Akademik Veri Yönetim Sistemi
Chemistry - A European Journal, 2026 (SCI-Expanded, Scopus)
Living microbial therapeutics have arisen as a novel category of medications that extend beyond traditional small molecules and biologics. Advancements in synthetic biology have facilitated the rational engineering of microorganisms to detect host or disease-related signals and administer therapeutic chemicals in situ. In contrast to conventional pharmaceuticals, these live biotherapeutic agents engage in dynamic interactions with both the host and its microbiota, allowing context-specific, self-regulating therapies. This review emphasizes the progression of the field from conventional probiotics to advanced, designed living therapeutics.
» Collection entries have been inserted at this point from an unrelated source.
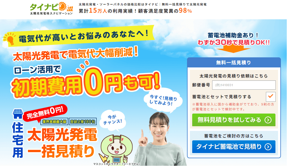 太陽光発電の一括見積りサイトのなかでも人気が高いのが「タイナビ」です。
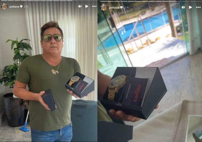 No Story, Leonardo aparece abrindo alguns “recebidos”. Ele segura na mão uma caixa contendo um lindo relógio. “Gente, ele chegou e também tem recebidos. Que lindo!”, diz Poliana ao mostrar o presente. Sem perder o bom humor, Leonardo responde: “É recebido que chama? É recebido então, mas eu não sei quem foi que deu”, afirma antes de ler o bilhete enviado junto com o mimo.
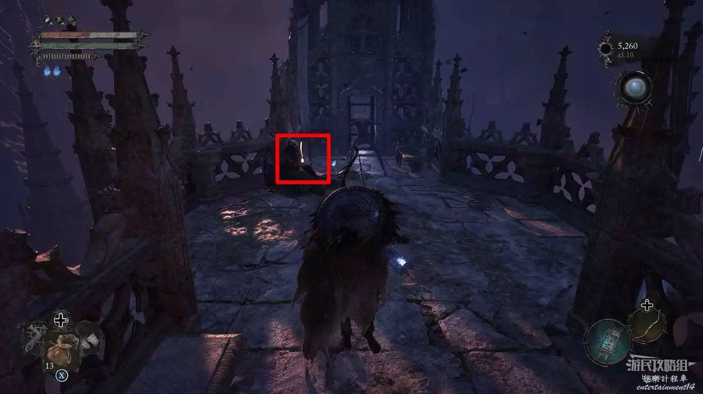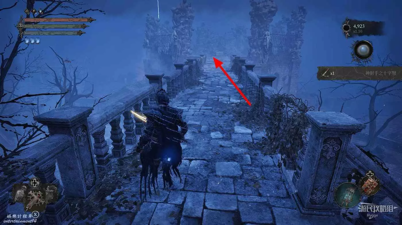 旁邊的長橋區域首次來沒有任何東西,探索完修道院後再回來會進入【鋼鐵行者】BOSS戰。
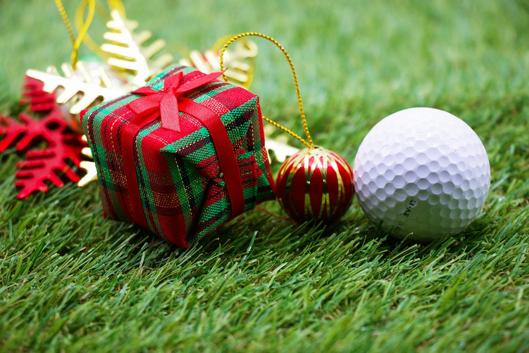 Golf ball with gift for Christmas and New year
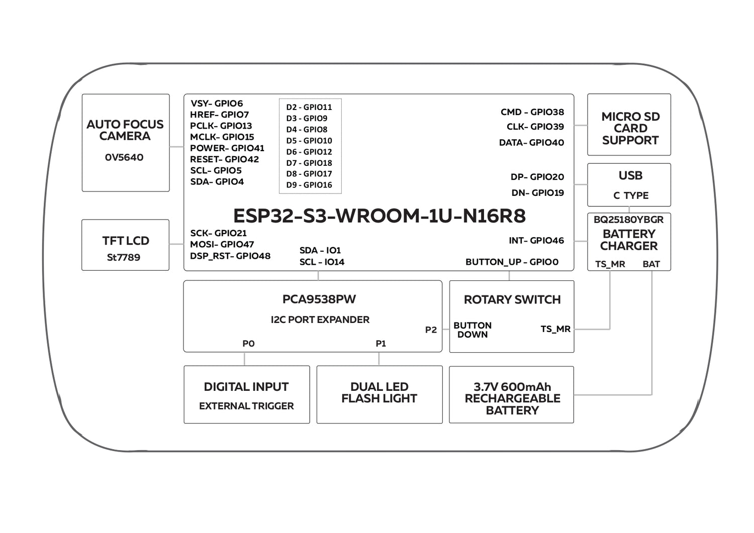 - ESP32 S3 WROOM Chip with 16MB Flash and 8MB PSRAM
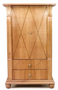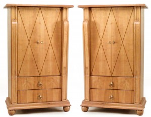 PAIR of French 1940s maple cabinets with a pair of "X" inlaid design doors over 2 drawers with bronze drawer pulls flanked by scroll headed columns (attributed to ANDRE ARBUS) (PRICED AS PAIR)..

We examine principal microbiological platforms, including bacteria, yeasts, and alternative systems such as phages and archaea, delineating their relative benefits and constraints as therapeutic hosts. Key design principles, genetic logic circuits, quorum-sensing-based regulation, and synthetic memory devices that enable microorganisms to possess context-dependent and self-adjusting therapeutic capabilities, are discussed alongside present and emerging therapeutic applications in infectious diseases, metabolic disorders, inflammatory illnesses, and cancer immunotherapy, where engineered microorganisms have demonstrated significant preclinical effectiveness and first clinical promise. Despite these advancements, obstacles remain, including biosafety, biocontainment, regulatory approval, and patient acceptability. Engineered living microbial therapeutics signify a swiftly evolving domain in medicine, set to transform treatment paradigms via intelligent, flexible, and sustainable methodologies for human health.